Treinta y nueve años duró el régimen fascista resultado de la asonada militar de 1936 y la posterior guerra civil, treinta y nueve años que cambiaron la historia y constituyeron uno de los periodos más negros en la historia de España. La supresión de libertades, el aislamiento internacional, la corrupción, el nacionalismo uniformizador español en su versión más casposa, la represión… fueron moneda de uso común del régimen y el día a día de los ciudadanos al sur del Pirineo.
En aquellos años la oposición al régimen estuvo protagonizada por dos movimientos políticos diferenciados en su origen y en sus fines, uno centrípeta que intentaba sustituir la estructura del estado sin poner en duda el proyecto nacional y otro centrifugo que trataba de terminar con el proyecto nacional que había dado lugar al régimen fascista y a unos cuantos parecidos precedentes; el comunismo y los nacionalismos periféricos.

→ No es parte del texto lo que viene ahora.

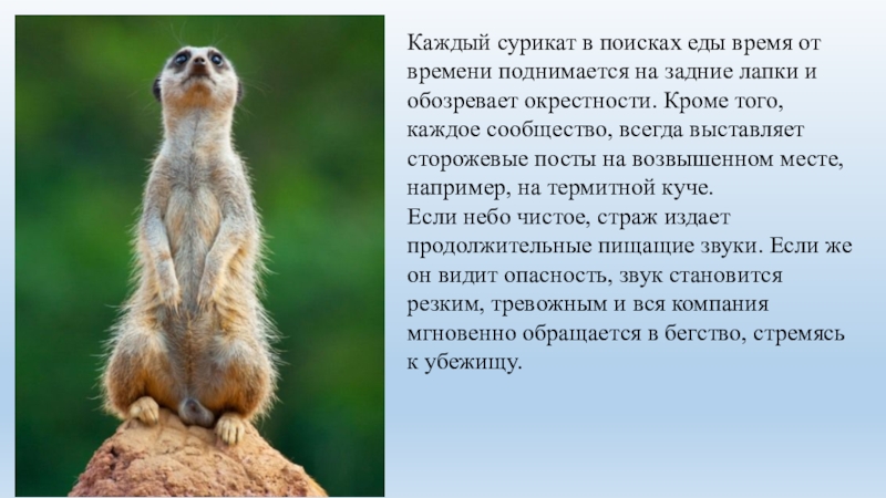 Слайд 10Каждый сурикат в поисках еды время от времени поднимается на задние

A la muerte del Dictador, y contrariamente a lo que podía presumirse, la solución no fue un triunfo de ninguno de estos sino una reconversión, más o menos, tranquila del estado a una democracia formal manteniendo apenas maquilladas unas cuantas estructuras del régimen anterior y, lo que es peor, unos cuantos de sus protagonistas situados en casi todos los estamentos de poder. Intereses internacionales, el ruido de sables, la traumática experiencia del 36 y, sobre todo, el conformismo de una sociedad “domesticada” por un período tan largo de ausencia de libertad propició la existencia de una transición ordenada que dejo unos cuantos problemas sin resolver o resueltos a medias.

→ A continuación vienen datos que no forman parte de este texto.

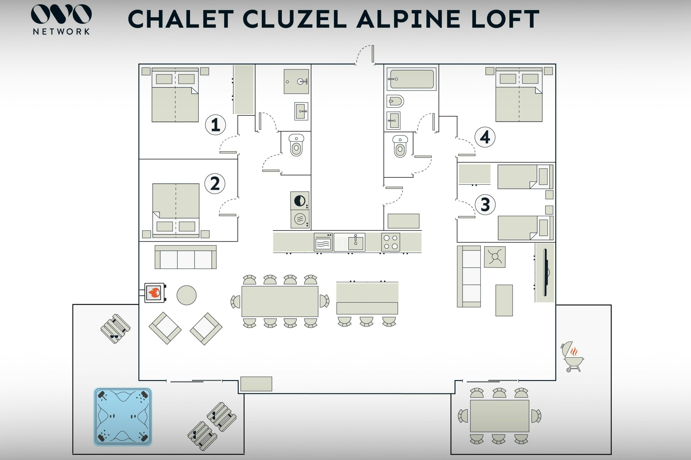 IMPORTANT: out of respect for the occupants of neighbouring flats, the jacuzzi may only be used between 9am and 7pm. Thank you for your understanding. NOTE: Cluzel Alpine Loft is a rental set up in a building of several apartments. It is suitable for family use and not for parties or celebrations, which are not permitted. The 4-star rating corresponds to a capacity of 6 people. However, the apartment can comfortably accommodate up to 8 people.

Otros, curiosamente, treinta y nueve años después el régimen resultante de aquel proceso condicionado está a punto de saltar por los aires precisamente lastrado por esos temas que no se atrevió o no pudo resolver el totem sagrado de aquella transición; la Constitución Española de 1978; el estado del bienestar, las libertades públicas y la estructura territorial del estado.

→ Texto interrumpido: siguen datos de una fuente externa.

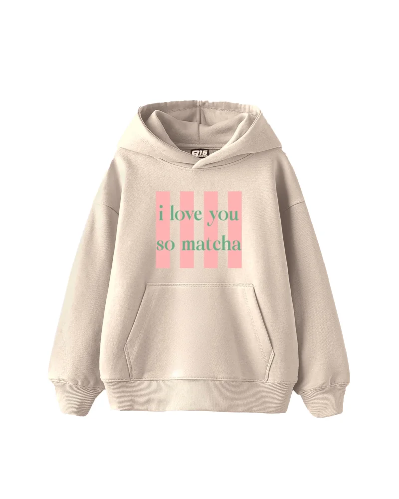 I Love You So Matcha Baskılı Oversize Unisex Bej Hoodie

En condiciones normales la Constitución no hubiera sobrevivido a la intentona golpista del 23 F que debió ser el punto de inflexión de la democracia española, pero contrariamente a lo que debió ser, el régimen reaccionó con una marcha atrás en una interpretación restrictiva de la Constitución que no hubiera pasado la prueba del algodón democrático menos de tres años antes. El miedo de la población a la involución propicio la vuelta y la legitimación de las estructuras más afines que habíamos heredado de la situación anterior y que el partido llamado a modernizar, democratizar y europeizar España, haciendo dejación de sus propios principios, participase de una democracia light basada en la alternancia, al más puro estilo canovista, y el reparto de poder parapetados detrás de una Constitución que interpretada de forma restrictiva resultaba ya totalmente obsoleta.
Y cuando los principios políticos son sustituidos por el reparto descarnado del poder no puede haber más que una consecuencia lógica; la corrupción, que junto con una crisis para la que no estábamos preparados, ni los ciudadanos ni el estado, amenazan con acabar con el régimen por puro hastío.
Así pues, 39 años después nos encontramos en la línea de salida de una nueva transición democrática, y curiosamente con los mismos o parecidos ingredientes que en aquellas fechas; un movimiento rupturista que intenta cambiar las estructuras del estado sin poner en tela de juicio la existencia del propio estado, y un nacionalismo periférico que a la vista de la incapacidad del estado de resolver su propia estructura territorial se ha vuelto definitivamente independentista pero esta vez sin la existencia de un elemento de prestigio en la oposición que pueda amortiguar el choque de trenes que se prevé puesto que treinta y nueve años de complicidad con el régimen han acabado con todo su crédito. En esto el caso de Navarra es paradigmático y digno de estudio.
Las alternativas de cambio son claras pero parece evidente que un de las dos va a protagonizar la España, o la no España, de, al menos, los próximos treinta y nueve años. La alternativa por la que ahora clama el Partido Socialista Obrero Español llega tarde, muy tarde, tanto para el país como para ellos mismos.